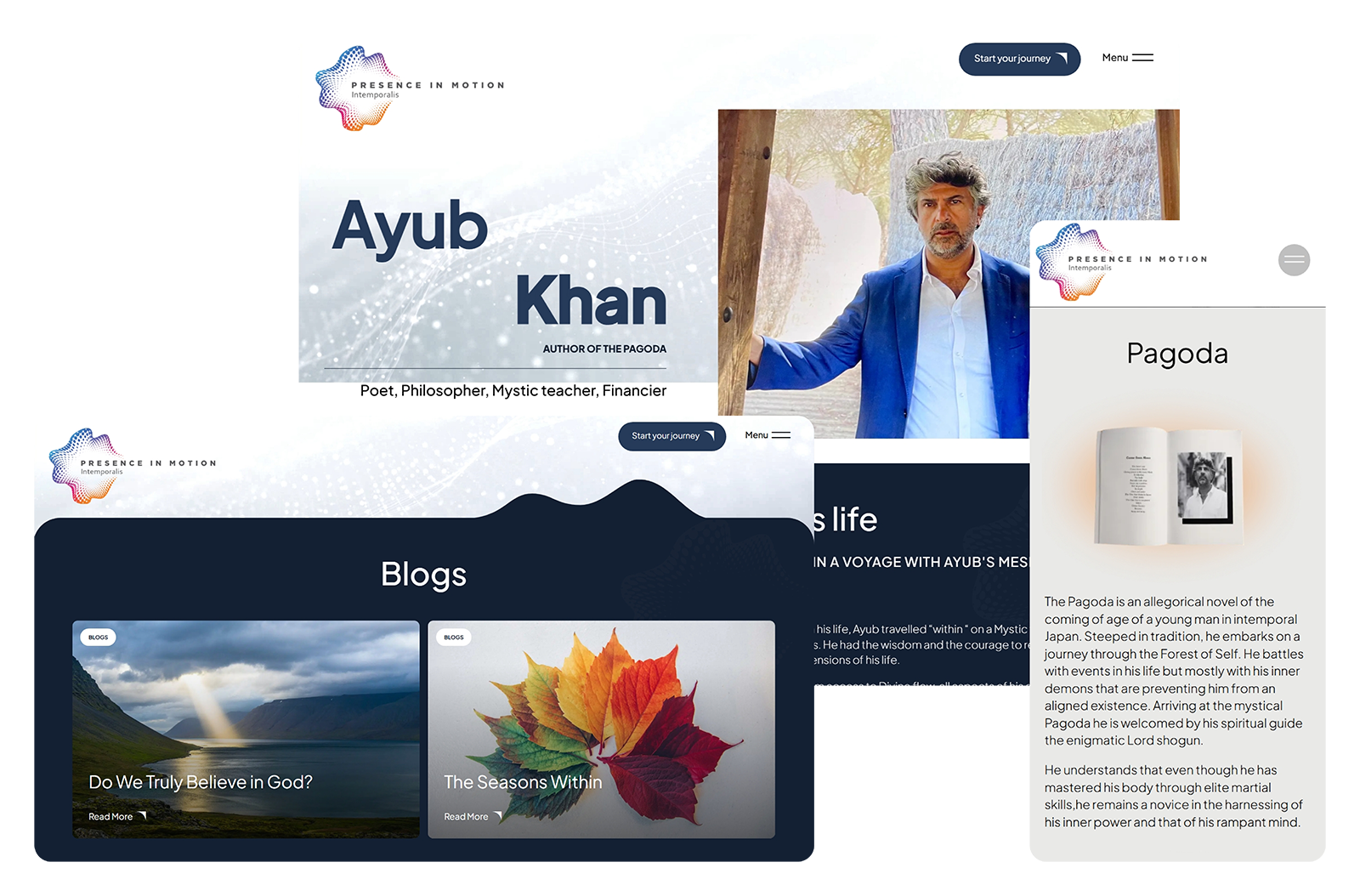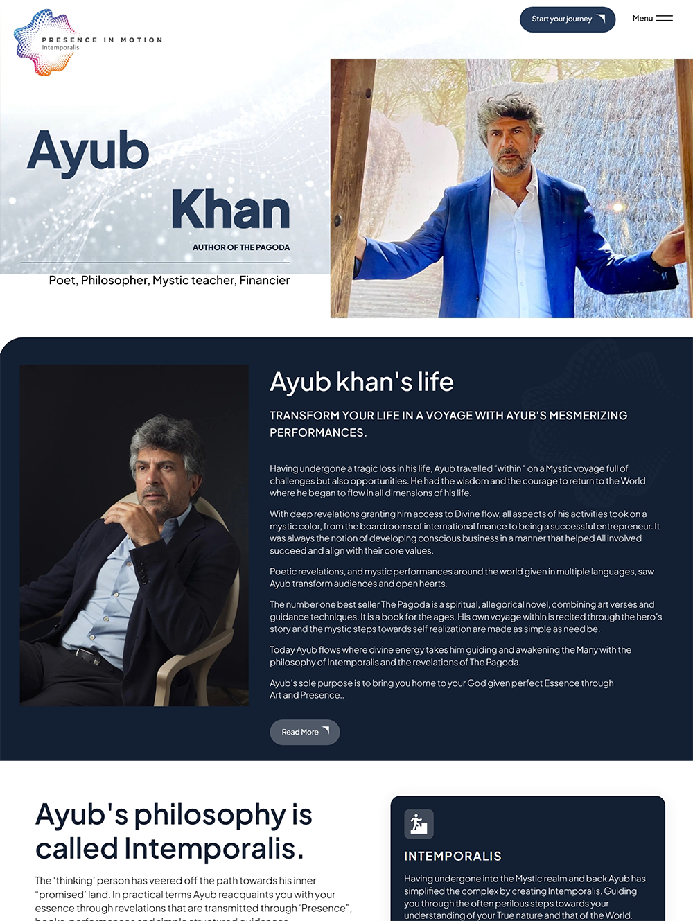 Presence in Motion est la plateforme spirituelle d’Ayub Khan, un poète mystique, philosophe et éducateur dont le roman spirituel à succès The Pagoda partage son chemin vers la réalisation de soi. Grâce à la philosophie de l’Intemporalis (« au-delà du temps »), Ayub guide les autres vers la présence divine par le biais de performances poétiques, d’enseignements mystiques et d’expériences immersives. La marque facilite la transformation spirituelle grâce à des éléments interactifs tels que des académies guidées, des programmes de pleine conscience en entreprise et des spectacles mystiques.
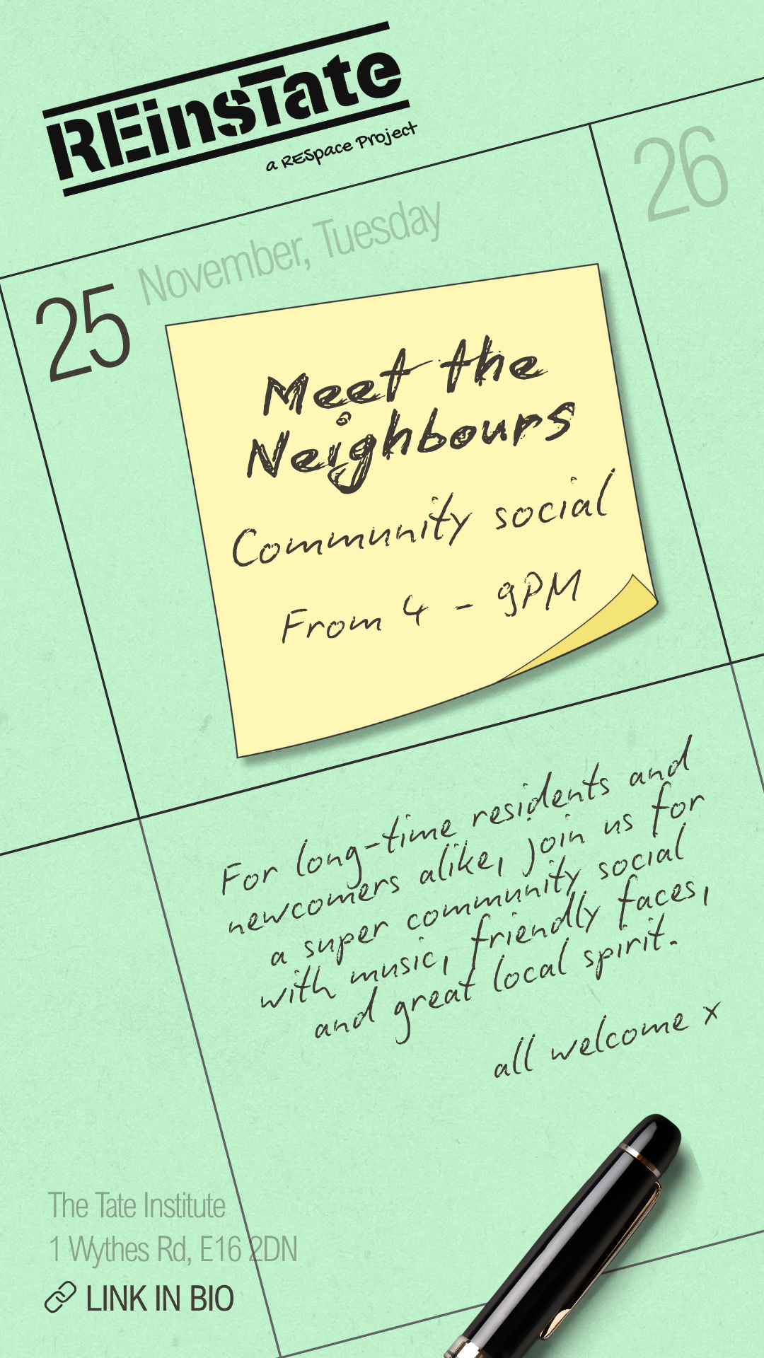 There will be a hive of activity running along side the neigbour meet up, learn more here: reinstate.eventschedule.com/clothes-swap-meet-your-neighbours?date=2025-11-25
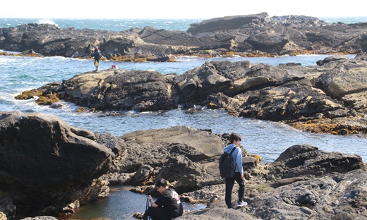 今回は仮入部の一貫として特別に参加させて頂きました。普段、家族で出かける際は、大半が自動車でしかも一人(親と離れて)県外に電車で出かけた経験がなかったのでとても新鮮でした。城ヶ島は比較的岩場が多く、ごつごつとした岩が多かったです。又、風が強く、海も荒れていて波も少々高かったです。しかし天気はとても良く、少し暑かったのでちょうど良かったです。そして、山の上からの景色もとても綺麗でした。
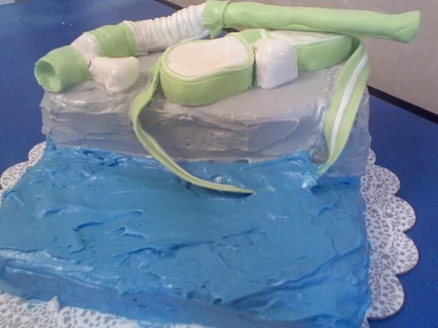 This is a tres leches cake, I covered in BC, and made the scuba mask out of rice crispies and fondant.
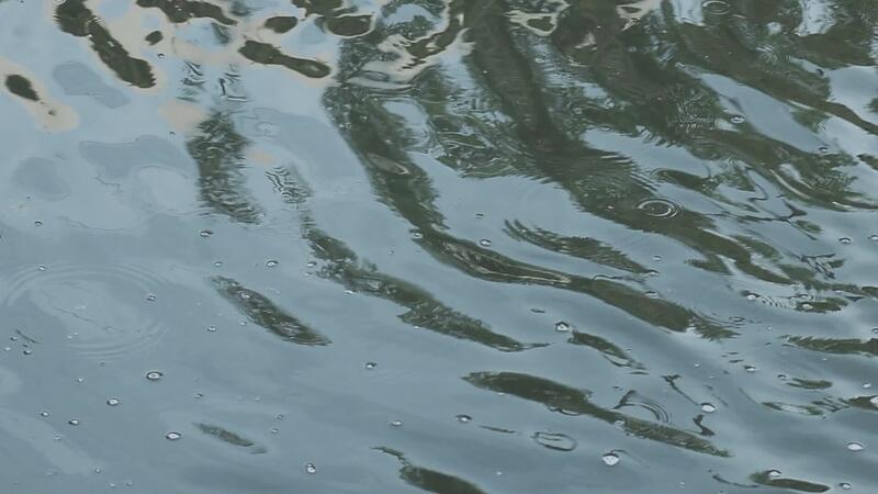 Dark water with ripples on the surface. Defocus blurred transparent white colored clear calm water surface texture with splashes and bubbles. Water waves with shining pattern texture background. Free Video
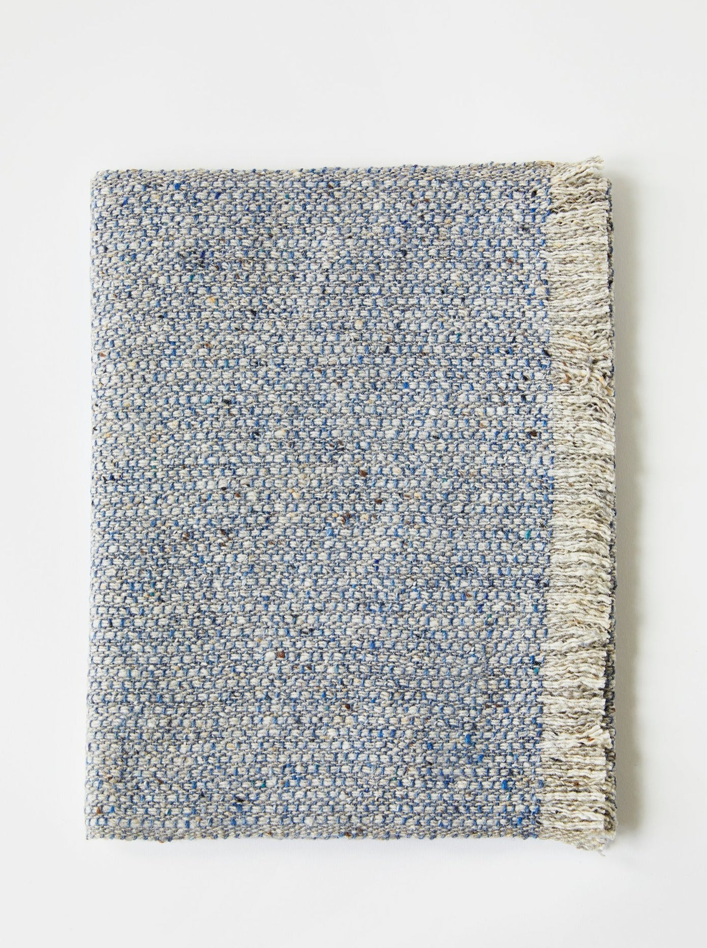 This weft is a delicate, mottled blue, enhanced by vibrant flecks of bright blue, soft sky blue, and subtle greys, with occasional hints of warm brown scattered throughout.
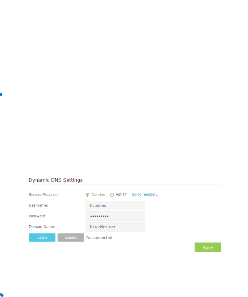 4. Enter the username, password and domain name of the account (such as lisa.ddns.
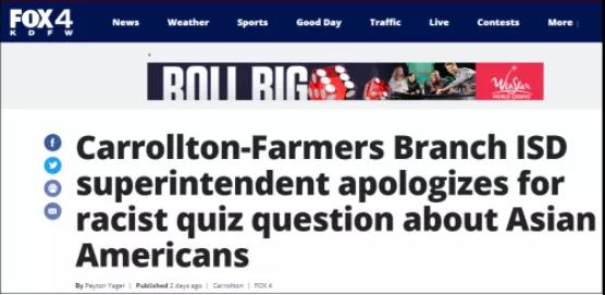 在达拉斯地区,一个韩裔家庭正在让他们家的初中生在今年剩下的时间里继续远程上课,因为他们在她的一次考试中发现了一道充满种族主义的关于中国刻板印象的问题。
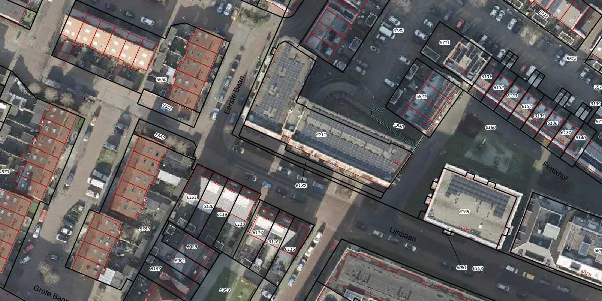 Het perceel waarop Lijnbaan 26-A staat heeft een oppervlakte van 1098 m². Dit is een zeer groot perceel. De perceeloppervlakte wordt geregistreerd door het Kadaster. Gedetailleerde informatie over de maten van dit perceel kunt u vinden in het rapport Kadastrale kaart met maatvoering van Lijnbaan 26-A.
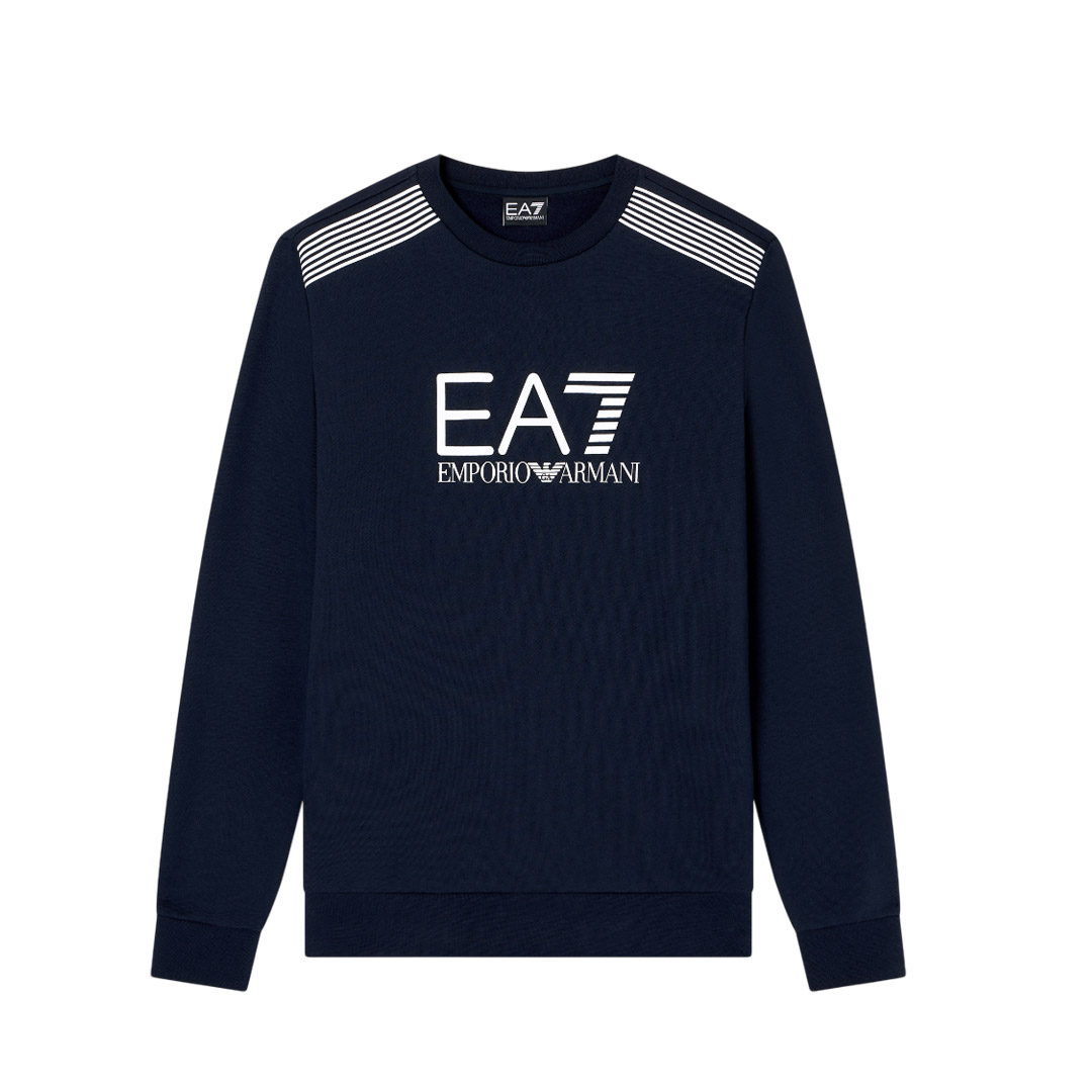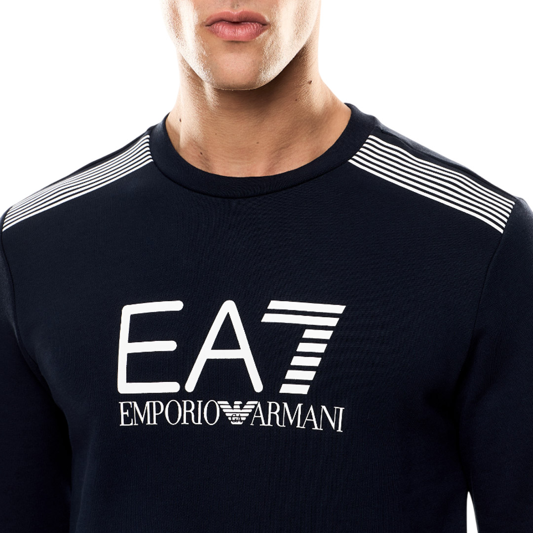 Felpa girocollo realizzata in misto cotone, dalla vestibilità morbida. Il modello, dalle linee essenziali e pulite, è impreziosito dal motivo 7 linee sulle spalle e personalizzato dal logo EA7 a contrasto sul petto. Il numero "7", che rappresenta graficamente il mondo dello sport e i suoi valori, viene rappresentato da un motivo di linee in questa omonima proposta 7 Lines. Una selezione dallo stile giovane e trendy, dalla forte ispirazione anni '90, caratterizzata da fit rilassati e colori versatili e pieni.

◆ **ASSIGNED TASK**
Above are the records; please give again, exactly and in full, only the lines that run from the line with "今回は仮入部の一貫として特別" through the line with "在达拉斯地区,一个韩裔家庭正", with no pictures.

◆ **EXPECTED OUTPUT**
 今回は仮入部の一貫として特別に参加させて頂きました。普段、家族で出かける際は、大半が自動車でしかも一人(親と離れて)県外に電車で出かけた経験がなかったのでとても新鮮でした。城ヶ島は比較的岩場が多く、ごつごつとした岩が多かったです。又、風が強く、海も荒れていて波も少々高かったです。しかし天気はとても良く、少し暑かったのでちょうど良かったです。そして、山の上からの景色もとても綺麗でした。
 This is a tres leches cake, I covered in BC, and made the scuba mask out of rice crispies and fondant.
 Dark water with ripples on the surface. Defocus blurred transparent white colored clear calm water surface texture with splashes and bubbles. Water waves with shining pattern texture background. Free Video
 This weft is a delicate, mottled blue, enhanced by vibrant flecks of bright blue, soft sky blue, and subtle greys, with occasional hints of warm brown scattered throughout.
 4. Enter the username, password and domain name of the account (such as lisa.ddns.
 在达拉斯地区,一个韩裔家庭正在让他们家的初中生在今年剩下的时间里继续远程上课,因为他们在她的一次考试中发现了一道充满种族主义的关于中国刻板印象的问题。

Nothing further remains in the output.